Several important characteristics of the musical traditions of the area stem from this fact.  Firstly, co-operative shepherding and farmwork have been features of the economy for centuries - transhumance is documented as far back as the 15th century.  Women left to run the farms alone for more than half the year whilst the men were away with their flocks on the 'great trail' obviously needed to co-operate with each other as well - and their economic importance was reflected by a higher social status than in other similar areas.  When they worked together with men in the fields, it was the women to took the lead in the work songs!  It also seems apparent that there was rather less of an instrumental tradition in the area, and that singing was of paramount importance.

Goffredo Plastino's Introduction and recording notes are somewhat less ethnomusicological in character than those of some earlier volumes, and include details of the 5 reels of tape Lomax filled in Abruzzo - noting that he recorded almost 70 items there.  He also points out that the visit lasted only five days and covered a limited area restricted to 5 towns in the province of L'Aquila.

The song or tune notes, by Domenico Di Virgilio, are excellent, and much fuller than on some previous volumes - at least as far as the songs or dances are concerned.  Sadly, and as usual, he is able to tell us nothing of the performers ... most are simply indicated as 'unidentified'.  Nor are any of Lomax's superb photos captioned.

The CD contains examples of peasant and shepherd songs, those of artisans, and folkloric songs of composed origin.  There are several ritual alms-seeking pieces, narrative ballads, funeral laments, a partenza (leave-taking song), serenades and love songs, work songs, and a couple of dance tunes.

In a way, this CD is quite untypical of the Series so far, in that there's hardly a single track which might be termed 'difficult' or 'challenging' and everything is pleasantly melodic and enjoyable.  The down-side to that is that some things are very slightly bland, and it wouldn't be hard to use this as background music next time you're throwing an Italian meal for friends or family.  Lest anyone mistake this for a recommendation, I should make it clear that I prefer music which demands my attention, and doesn't leave room for less-important stuff like eating or conversation!

However - I did say "some things", and there is one performer here whose two songs would make this CD a worthwhile purchase, play Sound Clipeven if they were the only two tracks on the whole thing.  The man concerned is Giuseppe Gavita, who sings and plays fiddle at the same time, accompanied on guitar by Liborio Garanfa.  On track 7 he sings Scura maie - indicated as a funeral lament (sound clip).  The title is a shortening of the phrase scura m'hai lasciata (you have left me dark - or in black), and it's a woman's song which touches on the consequences of widowhood ... economic hardship, children asking for food, loss of the family home, the indifference of people at large.  The instrumental intro and inter-verse refrains are in strict tempo, which only serve to highlight the almost free-rhythm singing of the verses - this is truly wonderful stuff.
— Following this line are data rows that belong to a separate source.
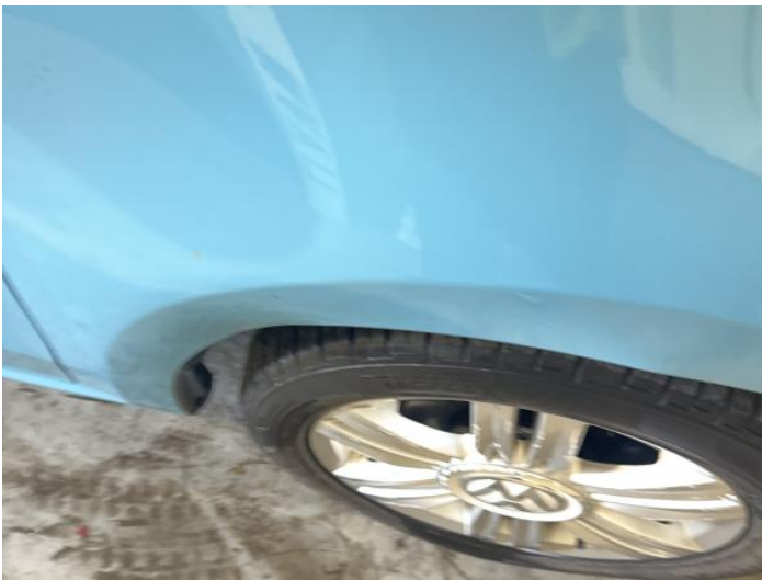
5: Wing osf Dented Over 30mm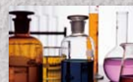
Brine, deicing solution, medicine, chemical, cosmetics, cleaning solution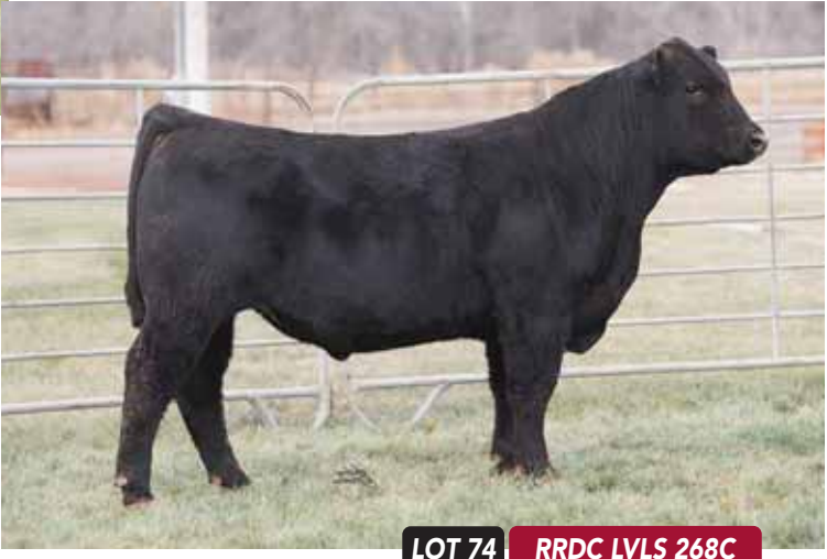
LOT 74 RRDC LVLS 268C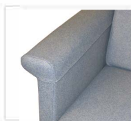
Armrest Covers AC00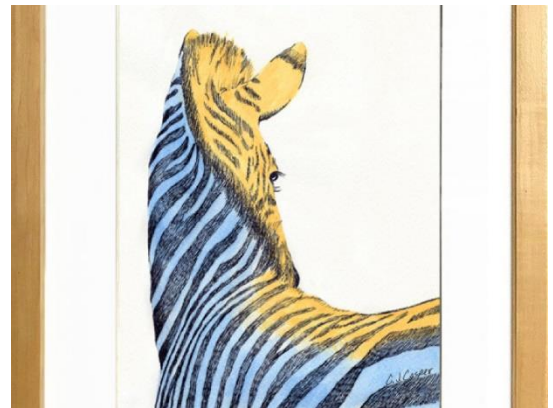
Honorable Mention – Charlie Casper Zebra Black Digital

Giuseppe Gavita returns on track 13 with La partenza del pastore (The Shepherd's Farewell).  The Partenze were originally women's songs expressing a girl's sorrow at leaving the family home when she married, and were often called 'brides' songs'.  The form was adapted to suit the other great leave-taking situation in Abruzzo, that of the annual transumanza, and this is what we have here.  The song describes the preparations for the great trail, play Sound Clipgives instructions to the girlfriend or wife regarding farmwork to be done and food preparation, and details the singer's love for her - how he will keep her picture with him - and ends with goodbyes to her and all the family.  It is sung and played in similar style to Scura maie, but with completely free-rhythm singing in the verses, which is equally beautiful and even more arresting (sound clip).

The presence of these two tracks, plus the general quality of the rest of the music and the interesting booklet make this a 'must have' CD for anyone interested in Italian singing - and it's certainly the volume of those so far issued in the Treasury series which I'd most recommend to the general listener.  Excellent!